A beautiful house, Indian rugs over the floor, large beams across the ceiling, the woodwork done in yellow lacquer. [. . .] Would Maria understand that surge of humility as he crossed the handsome room, the embarrassment as he staggered when his worn shoes, wet with snow, failed to grip the shining yellow floor? Could he tell Maria that the attractive woman felt a sudden pity for him? It was true: even though his back was turned, he felt the Widow’s quick embarrassment for him, for his awkward strangeness. [. . .] [H]e told her the work would amount to fifteen dollars, including the price of materials. She did not object. Then it came to him as a sickening afterthought that the reason for her liberality was the condition of his shoes: she had seen the worn soles as he knelt to examine the fireplace. Her way of looking at him, up and down, that pitying smile, possessed an understanding that had sent the winter through his flesh. (pp. 135–7)
The scene is situated in an atmosphere full of awkwardness, tension and possibility, an atmosphere created by the contrast of materialities: handsome, light and shiny on the one hand, worn and wet with snow on the other. It is this juxtaposition that sets up Svevo’s body for sensing its place in the hierarchy and for being humiliated in a very different way than Maria is. It is not frigid pity like Mr. Craik’s but rather the compassion of the widow’s pity that makes him freeze. Words fail him. This awkwardness temporarily suspends when she expresses her appreciation for his work.

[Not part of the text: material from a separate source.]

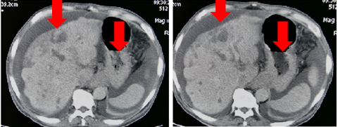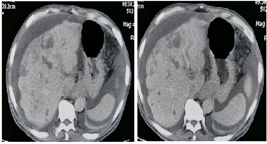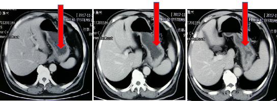 CT(外院2018.05):肝内多发占位,考虑转移;贲门胃底部溃疡性肿物;胃低及胃左动脉多发肿大淋巴结;考虑转移。
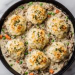 This comforting Chicken and Biscuits recipe combines a creamy, savory chicken and vegetable filling with fluffy, golden biscuits baked on top. Perfect for a hearty family meal, the filling is made with sautéed onions, carrots, celery, chicken broth, and tender chicken pieces, while the biscuits are made from Bisquick and cheese for a deliciously flaky topping.

She did not even glance at the work he had done. ‘You’re a splendid worker Mr. Bandini. Splendid. I’m very pleased.’ [. . .] [T]hose words almost pinched a tear from his eyes. ‘I do my best, Mrs. Hildegarde. I do the best I can.’ But she showed no desire to pay him. [. . .] At last she broke the silence: she had other work for him. (pp. 141–2)
As in the scene in the grocery store, it is silence that gradually sets up the body for the voice to make a decisive push that defines the situation. Despite her deferral of payment, which reflects the stark power imbalance between the two, her voice acknowledges his professional identity and elicits his sense of being seen and respected, a feeling he craves.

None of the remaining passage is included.